Identity Resolution

🧩 Why Identity Resolution Matters

Every visitor starts as a random UUID. That UUID tells you nothing about who the person is — it tells you that a browser visited your site. Identity resolution is the process of connecting that anonymous UUID to a real person: an email address, a customer ID, a phone number.

Without identity resolution, a single customer who visits on their phone, their laptop, and their work desktop looks like three different people. Their attribution history is split across three UIDs. Their conversion data is fragmented. The marketing team sees three journeys instead of one.

Identity resolution bridges this gap. When the user authenticates (login, signup, purchase, form submission), the website captures the link between the current anonymous UID and a known identifier.

🔗 Anonymous to Authenticated Linking

When to Link

An identity link event fires whenever the website obtains a verified identifier for the current user:

Login — user authenticates with email/password, SSO, or social login
Account creation — user signs up with email, phone, or both
Purchase — checkout collects email, phone, billing details
Form submission — lead form, newsletter signup, contact form with identifiable fields
Profile update — user changes email or phone number (new identifier to link)

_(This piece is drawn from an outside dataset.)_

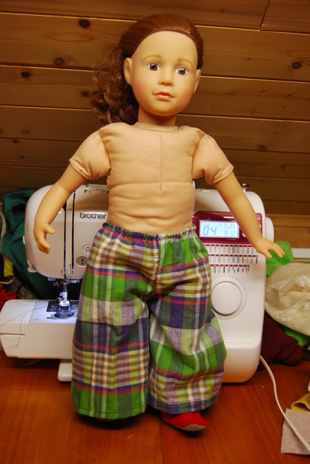 Voici un petit pantalon que j’ai inventé pour ma petite canaille. Mais celle ci ne veut pas le mettre…Donc pas de photo d’elle qui le porte. Peut être plus tard.

The trigger is always: “the website now knows something identifiable about this anonymous UID.”

What to Send

The website sends an identity_link event to the endpoint. The payload associates the current UID with one or more hashed identifiers:

{
  "event": "identity_link",
  "identity": {
    "uid": "f81d4fae-7dec-11d0-a765-00a0c91e6bf6.1647291600",
    "session_id": "a3b8c9d0-1234-5678-9abc-def012345678"
  },
  "identifiers": {
    "email_hash": "e3b0c44298fc1c149afbf4c8996fb92427ae41e4649b934ca495991b7852b855",
    "phone_hash": "d7a8fbb307d7809469ca9abcb0082e4f8d5651e46d3cdb762d02d0bf37c9e592",
    "customer_id": "CUS12345"
  },
  "_meta": {
    "ts": 1647291600000,
    "tier": "T1",
    "page_url": "https://example.com/account/login"
  }
}

Division of Responsibility

This is the critical architectural boundary:

The website captures the authentication moment, hashes the PII, and sends the identity_link event with the current UID and hashed identifiers. The website does not maintain an identity graph, does not query previous associations, and does not resolve cross-device relationships.
The endpoint receives identity_link events, builds and maintains the identity graph, resolves conflicts, merges duplicate identities, and answers queries about user identity from downstream systems.

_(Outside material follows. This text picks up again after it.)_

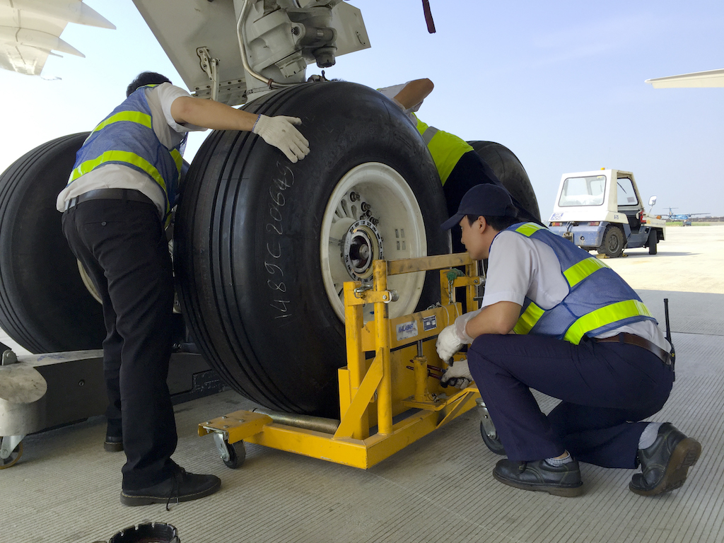 Kiểm tra càng. Theo các kỹ sư, tùy theo tình trạng của máy bay, việc bảo trì, sửa chữa một chiếc có thể mất vài ngày đến cả tháng.

The website is a sensor. The endpoint is the brain.

🔐 Hashing Specification

All PII must be hashed before transmission. The website sends hashes, never raw values. This is both a security requirement (see 08-data-handling.md) and a practical one — ad platforms (Meta CAPI, Google Enhanced Conversions) accept and expect SHA-256 hashed identifiers.

Algorithm

SHA-256. This is the minimum acceptable algorithm. It is the industry standard for ad platform matching (Meta, Google, TikTok, LinkedIn all accept SHA-256 hashed identifiers). Do not use MD5 (broken, collisions trivial) or SHA-1 (deprecated, collision attacks demonstrated).

Normalization Before Hashing

Normalization is critical. The same email address formatted differently produces a completely different hash. If the website hashes User@Gmail.com and Meta has user@gmail.com on file, the hashes will not match. The conversion is lost.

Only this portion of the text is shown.